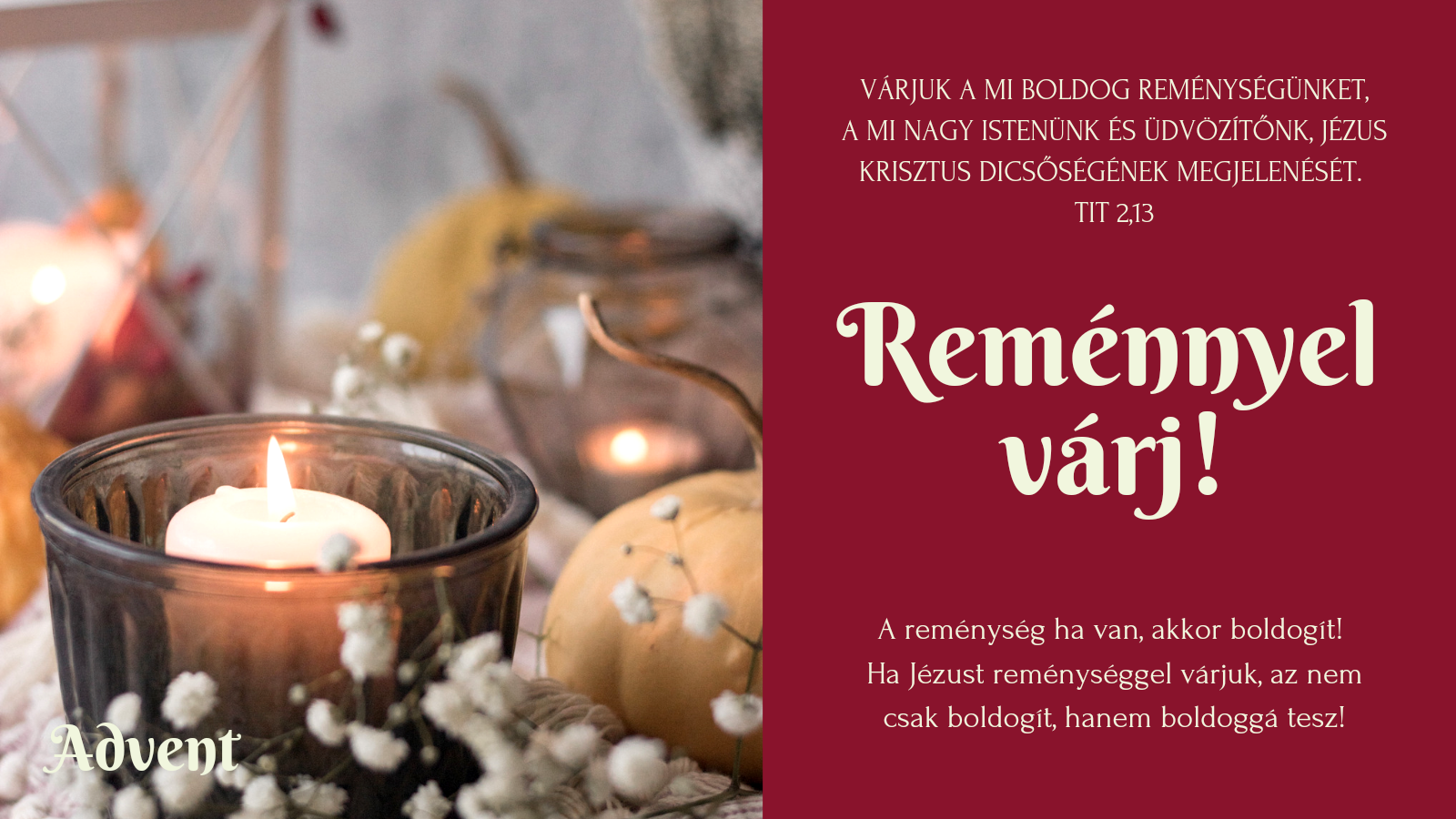 A reménység ha van, akkor boldogít! Ha Jézust reménységgel várjuk, az nemcsak boldogít, hanem boldoggá tesz!
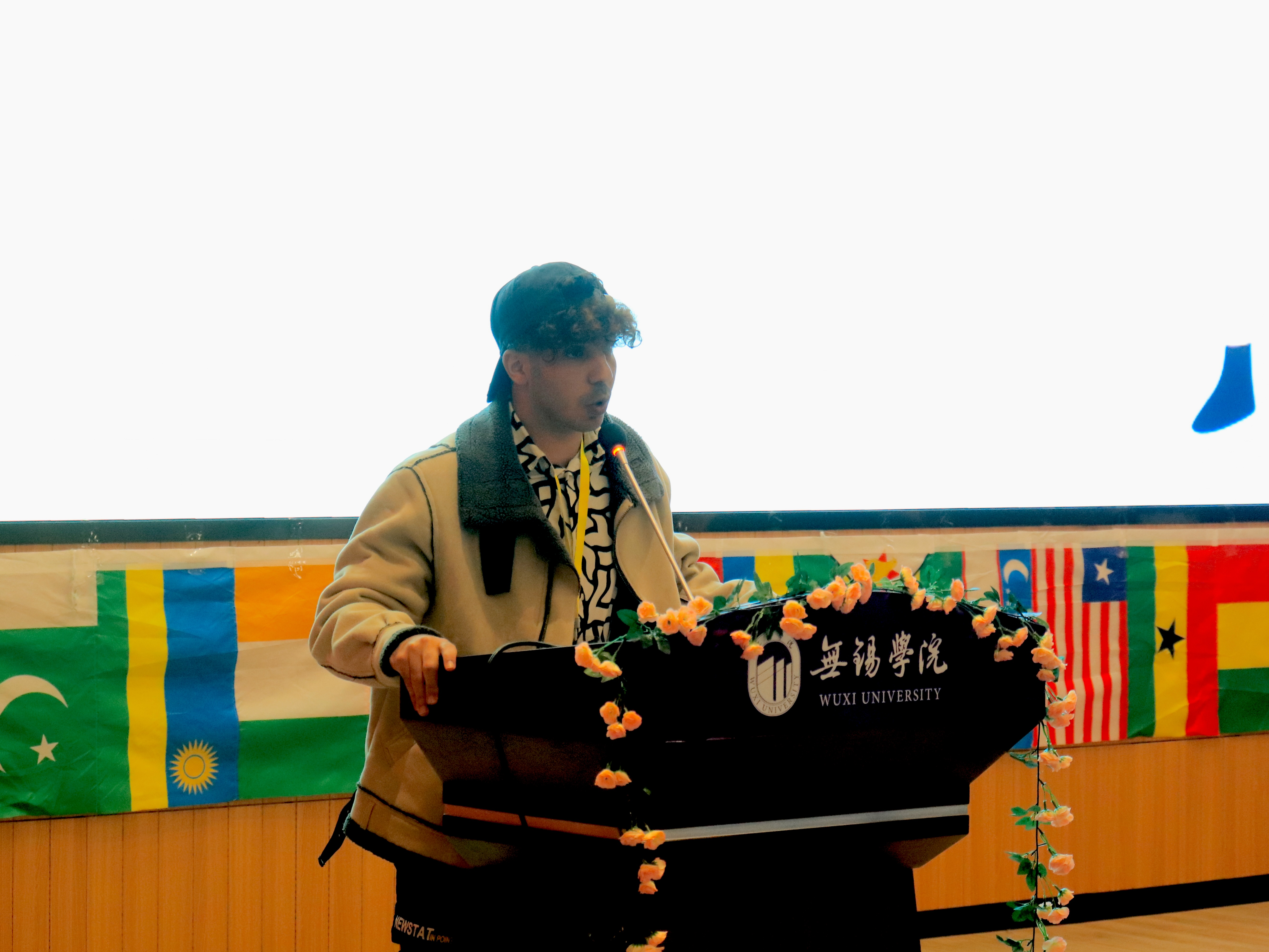 新生代表Abood(也门)在发言中提到了自己对校园生活的期待、对在中国生活的憧憬以及对未来的展望。
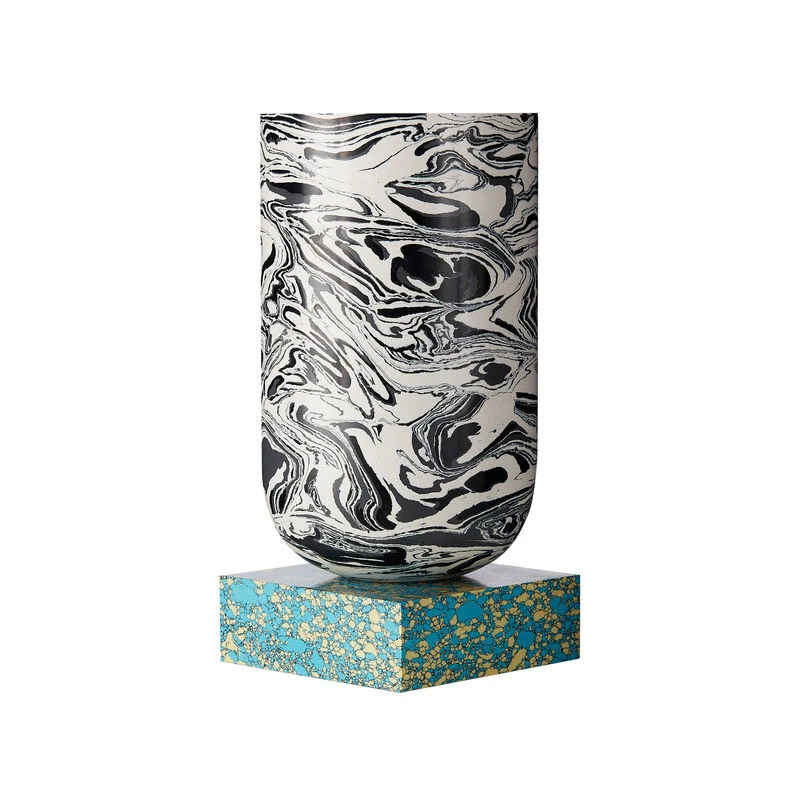 A psychedelic interpretation of the Italian post-modernist aesthetic, the Swirl collection has a certain pop feel about it. Adorned with bold patterns, the geometric shapes are stacked to create multi-dimensional and functional sculptures. Tom Dixon pursues his artistic research inspired by post-consumer processes, the waste phenomenon and its management, and the recycling practices of used materials. The Swirl collection is made up of a material that imitates marble, made from industrial waste : recycled marble powder from sawmills. This powder is mixed with coloured pigments and resin. The material is then cut and turned by hand. The marble pattern provides superb mineral decoration. Because of the pigmentation process, each piece has a unique pattern. The Swirl vases are inspired by Ikebana, the Japanese art of flower arranging. Anchored to a heavy base, the cylindrical vases wonderfully showcase flowers and foliage.
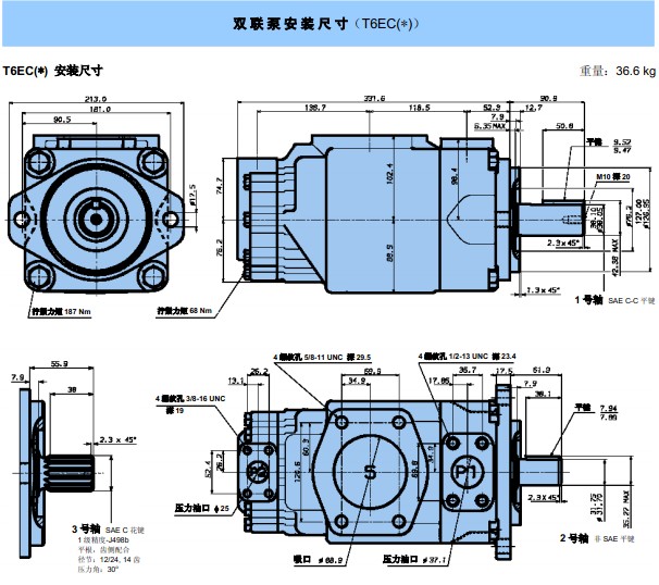 T6ec系列葉片泵是高壓力、低噪音、高效率的定量葉片泵。 丹尼遜油泵具有工作壓力高,可以達(dá)到275Bar,如降低工作壓力的使用,還可以延長(zhǎng)油泵的工作壽命!容積效率高,由此可以提高生產(chǎn)率,減少發(fā)熱和降低液壓設(shè)備的運(yùn)行成本。機(jī)械效率高,從而減少了能量的消耗。轉(zhuǎn)速范圍寬,轉(zhuǎn)速范圍是600---2800rpm,可以優(yōu)化工作狀態(tài),降低噪音??刮廴灸芰?qiáng),丹尼遜油泵采用的是雙唇結(jié)構(gòu)的葉片,具有 強(qiáng)的抗污染能力,使用壽命長(zhǎng)。適應(yīng)液壓介質(zhì)的粘度范圍大,能在低溫下啟動(dòng)和高溫下運(yùn)行,能提供高壓力,噪聲低,而且容積效率高
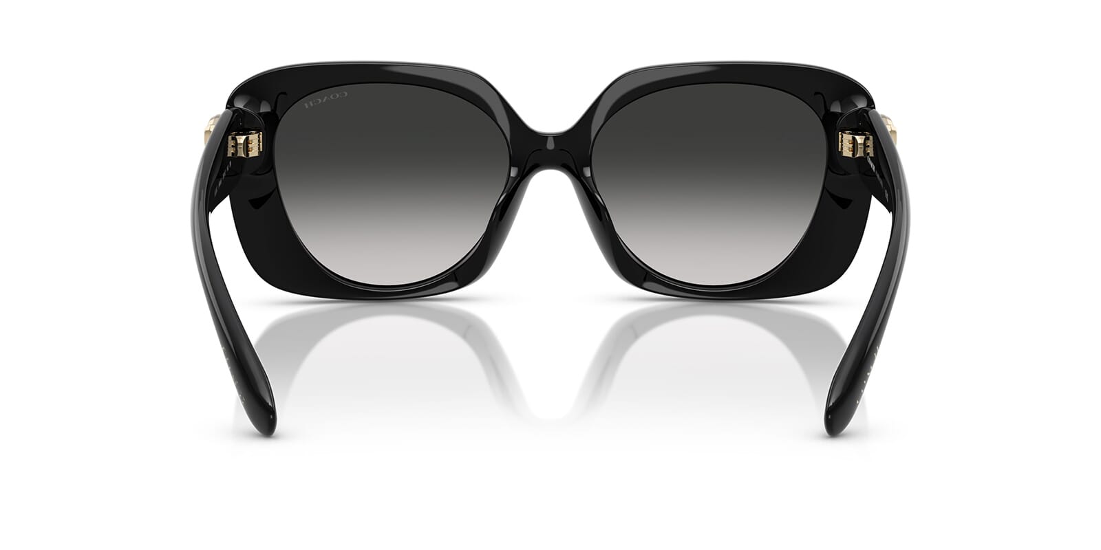 This square Coach sunglass comes in a black frame with grey gradient lenses.
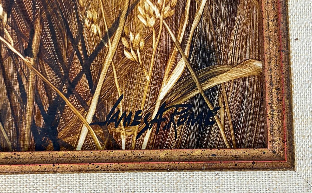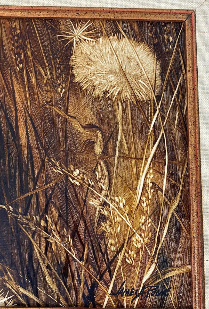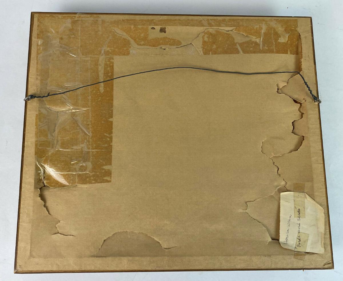 In excellent condition here is a marvelously detailed woodcut of a House Wren titled "BIRDS and SEEDS"...deftly colored...by Arizona artist James A. Rome (American, b. 1936)...Well-framed 14.5 x 12.5"..the image is 9.5 x 7.5"....Signed by the artist...This estate find is offered with no reserve...
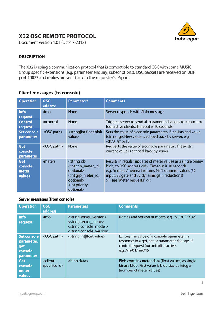 Behringer X32 Compact Tp Protocol Manual 752312 Areas Of
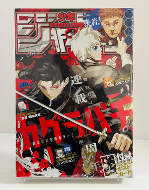 Rivista settimanale contenente gli ultimi capitoli dei manga usciti in Giappone. Il magazine contiene gli ultimi capitoli di Jujutsu Kaisen! Il manga terminerà il 30 settembre. In copertina torna Kagurabachi, per l'anniversario delluscita del primo capitolo. Investimento bomba.
────────
• The problem: Your reply is to be an exact repeat of the listing above from the line holding "This square Coach" down to the line holding "Behringer X32 Compact", ends included, pictures excluded.

• Result of the exercise:
 This square Coach sunglass comes in a black frame with grey gradient lenses.
 In excellent condition here is a marvelously detailed woodcut of a House Wren titled "BIRDS and SEEDS"...deftly colored...by Arizona artist James A. Rome (American, b. 1936)...Well-framed 14.5 x 12.5"..the image is 9.5 x 7.5"....Signed by the artist...This estate find is offered with no reserve...
 Behringer X32 Compact Tp Protocol Manual 752312 Areas Of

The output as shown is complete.